Third, progress is being made, but passage of a health care reform package is far from certain. The draft is a starting point. There are substantial differences to bridge and the constituencies of the Republican Governor and the Democratic Legislative Leadership have different goals and agendas. There will be a lot of pain, late nights and frayed nerves before a compromise the Legislature will pass and the Governor will sign is reached — if it can be reached at all.
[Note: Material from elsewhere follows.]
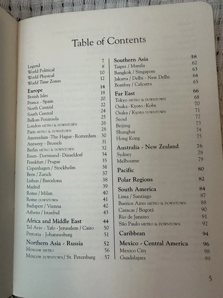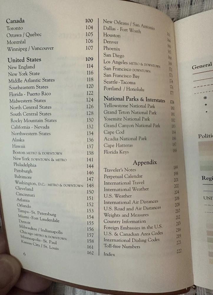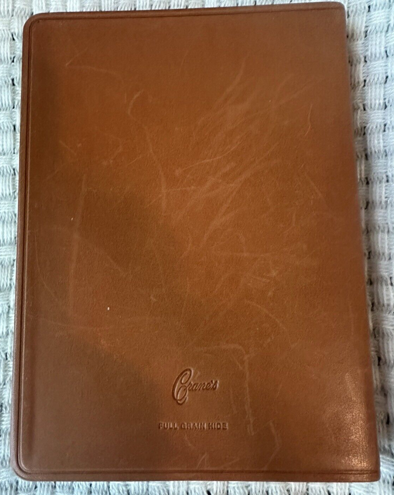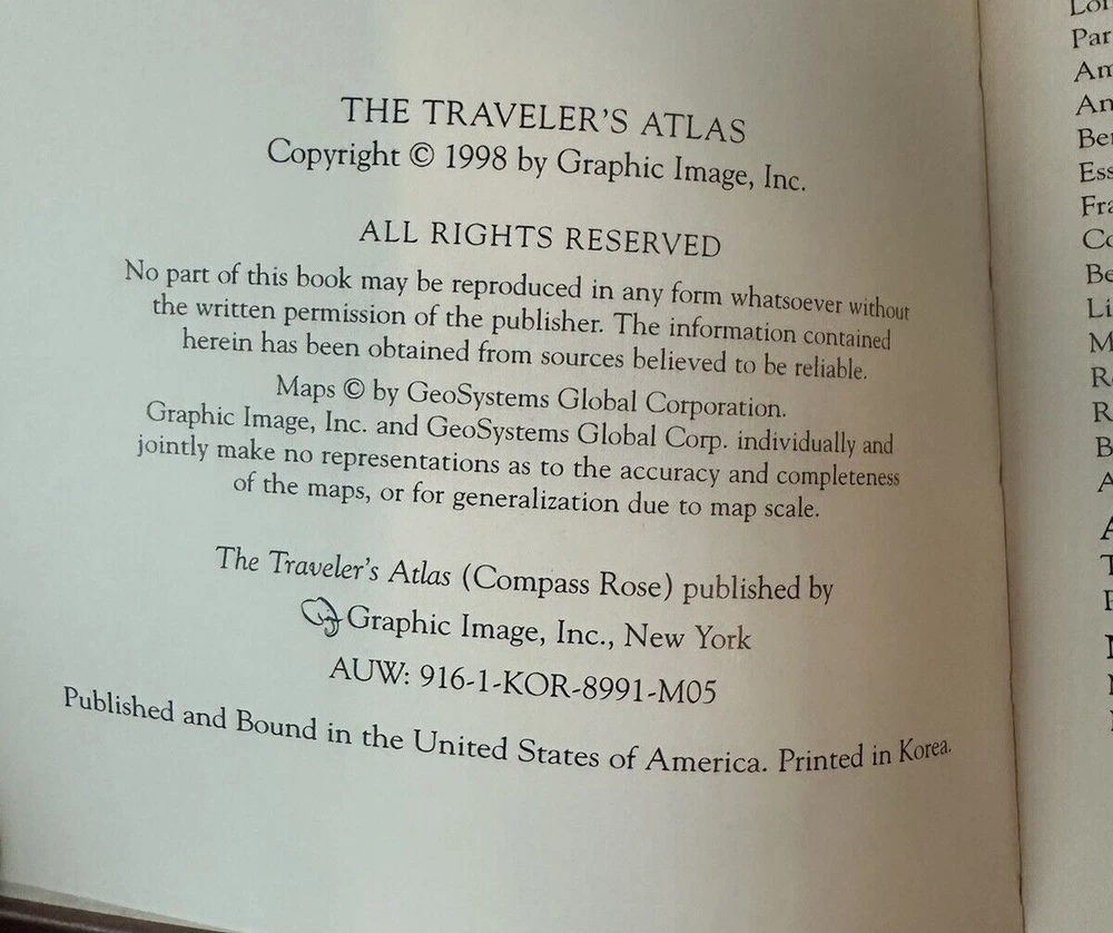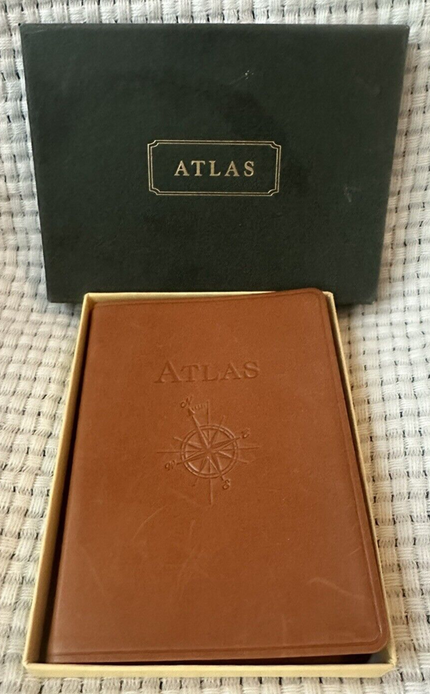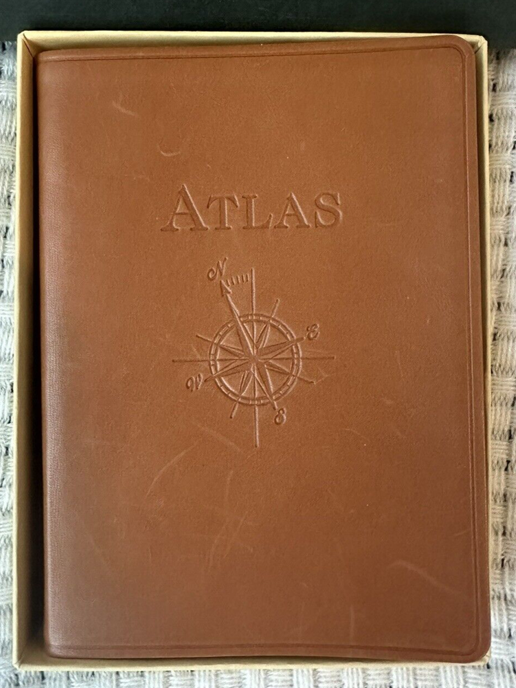 The Traveler's Atlas Leather Bound, Crane's Full Grain Hide Gold Edge Pages Box Included 1998 Good condition, cover has some scratch marks but leather is not torn or cut, front and back(blank pages) have some spotting, box has a dark ring on it-SEE ALL PICTURES Published and bound in the United States, printed in Korea Sold as shown

My personal hope is that a responsible, effective reform package can be enacted this year. In my mind, even though reform will create new challenges for insurance agents — and for the industry — the right reform is much better than no reform. I’ll be looking for:

  • details on how the purchasing pool and connector/exchange is to be operated;
  • the language surrounding the requirement that 85 percent of premiums received by carriers be spent on health benefits is also critical (the draft language is a step in the right direction, but still punishes carriers whose primary business is in the individual and small group market); and
  • whether the guarantee issue/mandate to buy provisions make sense.

There are other important issues that the final health care reform bill will address, but these are the three that I personally find of greatest concern. But hey, as long as they are willing to listen, I’m happy to keep talking (and blogging).